Technological advancements coupled with increasing investments in research and development have paved the way for innovative and cutting-edge engineering and construction techniques due to which, the demand for environment-friendly products, such as gypsum plaster has steadily grown. The increasing usage of special retarders and the introduction of new chemical combinations by several key players operating in the current gypsum plaster market are likely to fuel the growth of the market. In addition, surge in demand for lightweight construction materials and focus on minimizing the structural load of buildings is projected to provide an impetus for the growth of the global gypsum plaster market in the upcoming years. Market players operating in the gypsum plaster market are increasingly swaying toward upgrading their existing manufacturing infrastructure to launch high-quality gypsum plaster and minimize the production cycles to save costs. The entry of new and advanced machinery for the production of gypsum plaster is expected to play an essential role in the driving the gypsum plaster market during the assessment period.
The onset of the COVID-19 pandemic is expected to have a strong impact on the global gypsum plaster market in 2020. As the construction sector gradually recovers from the sluggish first two quarters of 2020, due to stringent lockdown measures, restrictions on transportation, etc., the demand for gypsum plaster is projected to grow at a consistent pace in the upcoming months. The decline in the number of construction projects or delays and postponement of several existing projects is a major factor projected to have a negative impact on the gypsum plaster market in 2020. However, as operations across several core industries gradually return to normalcy, a construction boom across the Asia Pacific region is anticipated, mainly in the COVID-19-free era due to which, the demand for gypsum plaster is expected to grow at a steady rate beyond the last quarter of 2020.
The global gypsum plaster market is anticipated to grow at a moderate CAGR of 3.5%, in terms of volume, during the forecast period. The market growth is largely driven by the booming construction sector in developing regions, favorable functional and physical properties of gypsum plaster over traditional cement plastering, increasing support from governments, and advancements in technology. Market players should focus on expanding their production capacity and expanding their presence in the upcoming markets to consolidate their market share.
In 2021, 212 GW of coal-fired electric generating capacity was operating in the United States utilities, most of which was built in the 1970s and 1980s. Although the coal-fired power plants have no mandatory retirement age, power plant owners and operators have reported to the Energy Information Agency (EIA) that they currently plan to retire 28%, or 59 GW, of the coal-fired capacity by 2035. As a result of continued pressure on coal generation to reduce CO2 emissions, the number of coal plants planned to retire between now and 2035 is likely to increase. There are more than 32 GW of new gas-fired power plants in the pipeline in the USA, but almost no new coal-fired power plants. Accordingly, the quantities of FGD gypsum from power plants are forecast to decline. This will also affect those plasterboard plants which were installed in the vicinity of power plants (Figure 8).

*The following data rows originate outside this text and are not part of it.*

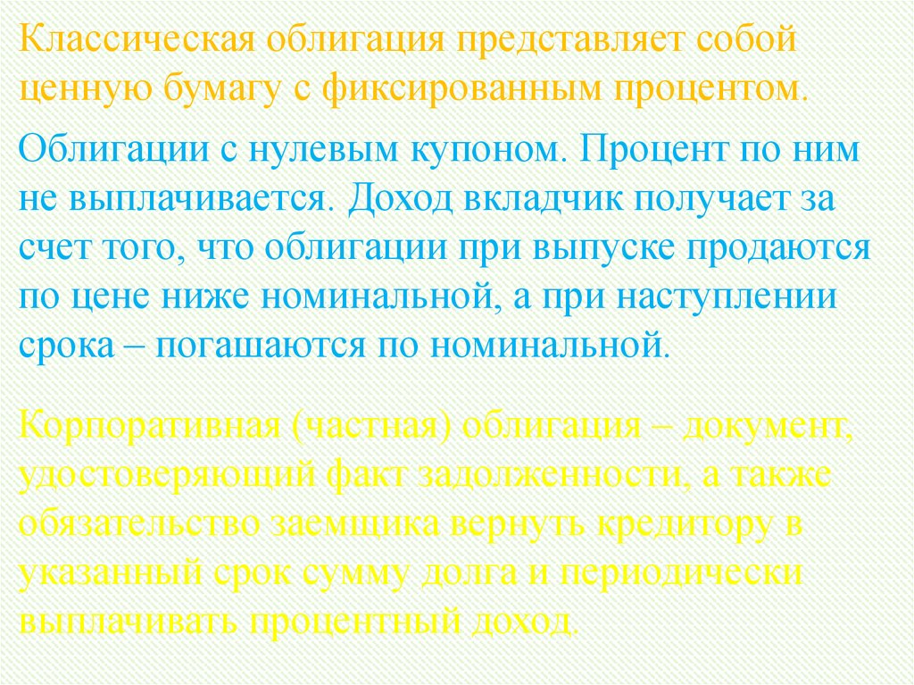 Классическая облигация представляет собойценную бумагу с фиксированным процентом.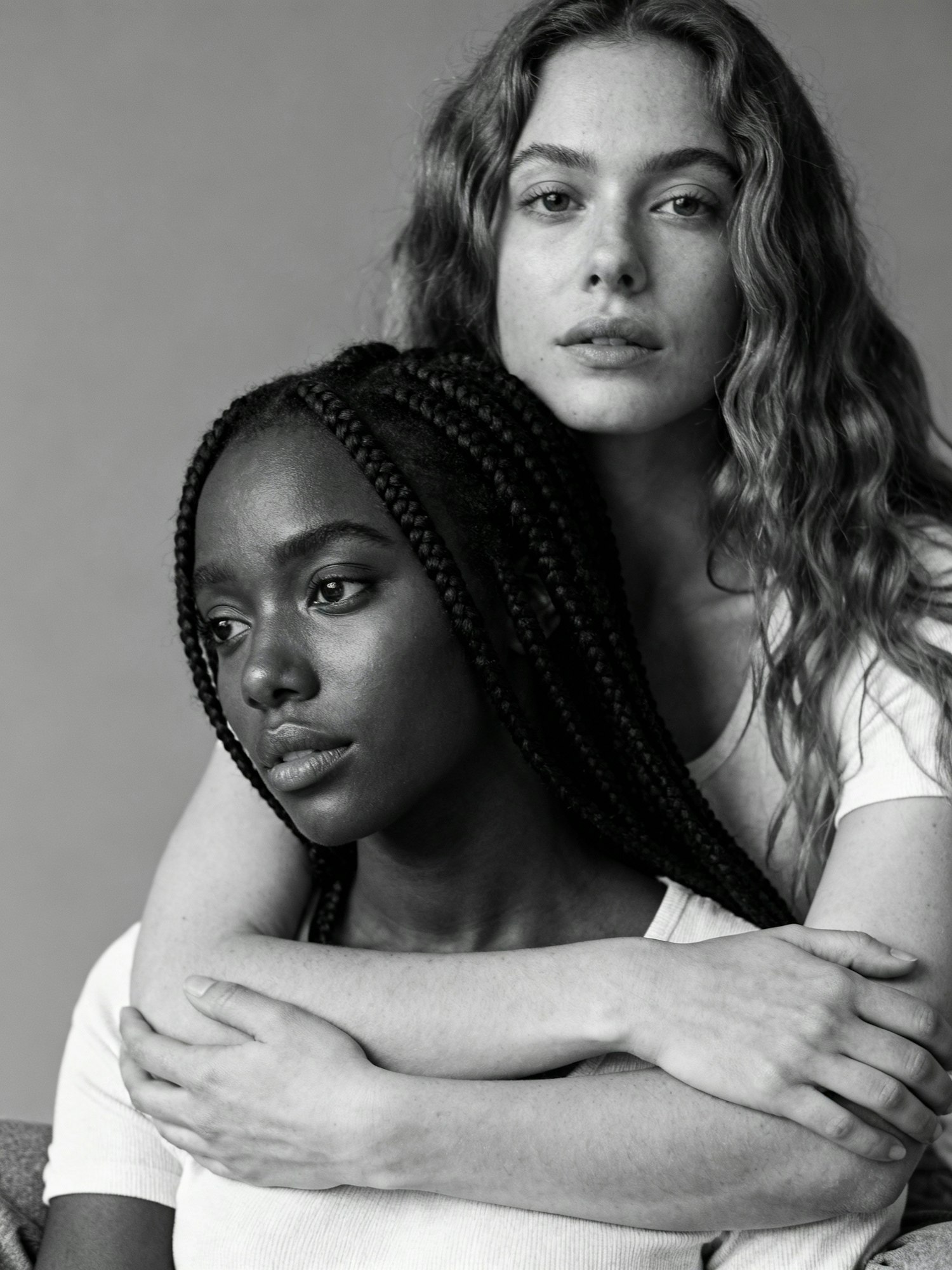 A black-and-white portrait of two women in an intimate pose, highlighting their connection and contrasting features.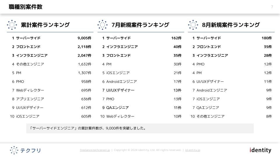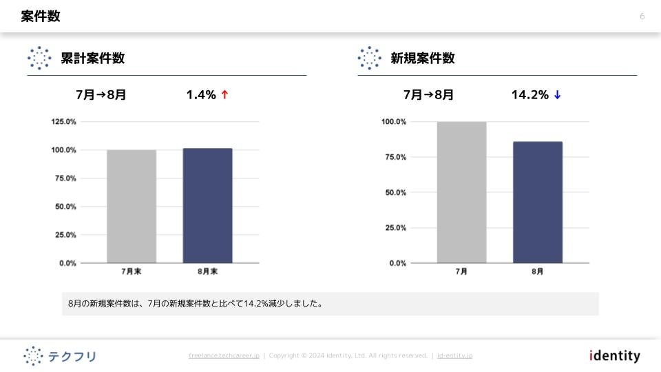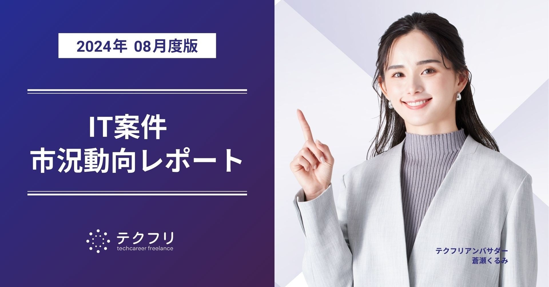 ITフリーランスエンジニアの案件・求人サイト「テクフリ」(https://freelance.techcareer.jp/)を運営する株式会社アイデンティティー(東京都新宿区、代表取締役:今野 力、以下「当社」)は、テクフリのデータベースをもとに2024年8月における案件の市況感を調査しました。より詳しい結果については、お問い合わせから資料請求が可能です。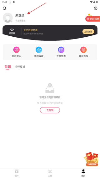 1、打开爱剪辑的APP,进入时点击右下角我的图标。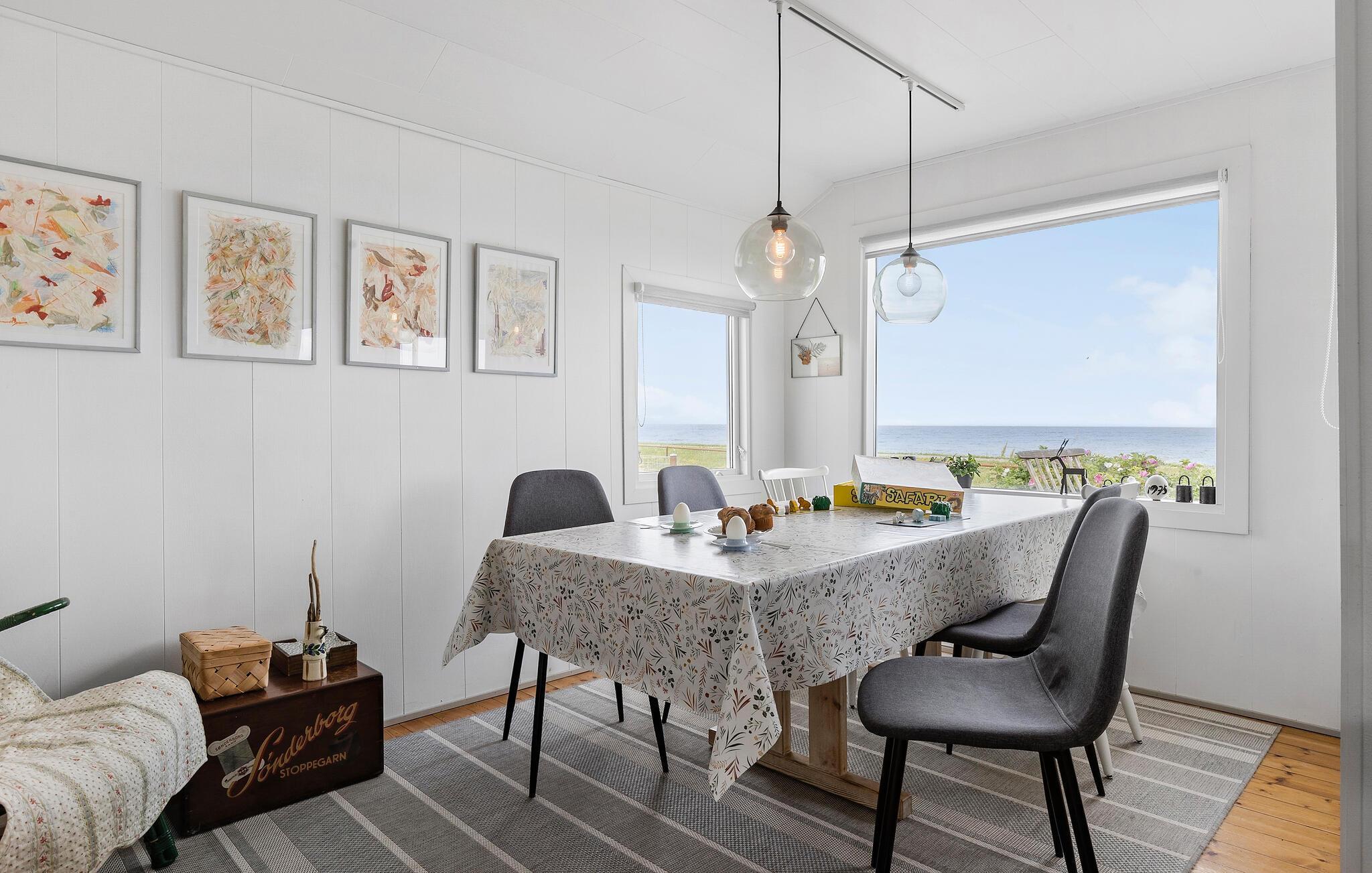 Dette fantastiske sommerhus byder på en betagende panoramaudsigt over havet. Både foran huset, ved spisebordet, fra sofaen og når I laver mad, kan I se ned til vandet. Her bor I lige ud til stranden og kan til enhver tid nyde den blide lyd fra bølgerne. Begynd dagene på terressen med morgenkaffen i hånden og stå op i ro og mag til synet og lyden af den rene natur. Huset er lyst og hjemligt indrettet.

Worldwide, a total amount of 310.8 Mt/a of gypsum was used by the different industries in 2019. The cement industry accounts for about 53% of the global consumption while the wallboard industry accounts for about 29% [5]. For 2025 and 2030 a consumption of 318.3 Mt/a and 337.9 Mt/a has been forecasted, respectively. While uncalcined gypsum will slightly decline from 2019 to 2030, calcined gypsum will significantly increase from about 130 Mt/a in 2019 to more than 164 Mt/a by 2030. Calcined gypsum is necessary for wallboard products, gypsum blocks and panels and plaster products. Uncalcined gypsum is used in the cement industry and other applications (agriculture, etc.). Due to the depletion of natural gypsum in a number of countries, the demand for synthetic gypsum will increase, despite the lower production of FGD gypsum in some established markets.
The global gypsum demand for use in other gypsum products, such as gypsum panels, blocks, plaster and floor screed is projected to increase from 55.9 Mt/a in 2019 to 72.9 Mt/a by 2030 (Figure 19). In 2020 there was a major decline by about -4.8%, mostly because of smaller production due to a lockdown of construction sites. However, already in 2021 the recovery was 3.5% and also for the next few years growth rates in the range of 3.0 to 3.4% are projected. The share of synthetic gypsum in the demand in 2019 was 23.3% or 13.0 Mt/a, of which 12.0 Mt/a or 92.3% are FGD gypsum (Figure 20). In this market segment it can also be expected that lower FDG gypsum quantities can be relatively easily balanced out by other synthetic gypsums.
Presently, gypsum and plaster boards, painted treated timber, reinforced concrete, dirt, and steel (bars, poles, and brackets) are being landfilled after segregation from the collected CDW. Landfilling of these recyclables negatively contributes (primarily) to respiratory inorganics, global warming, and non-renewable energy categories. Understandably, dirt (silt and clay) dumping releases PM2.5 that negatively contributes to respiratory inorganics by 52%, global warming by 16% due to the release of CO2-eq emissions, and non-renewable energy by 22% due to the consumption of crude oil (fuel) in the disposal process of dirt to the engineered landfill. Mixed with plasterboards and reinforced concrete, painted treated timber (a small fraction of the total CDW in Table 1) gives minor avoided impacts and commonly goes to landfills. For this reason, source segregation can help timber recycling to achieve higher economic and environmental benefits [2].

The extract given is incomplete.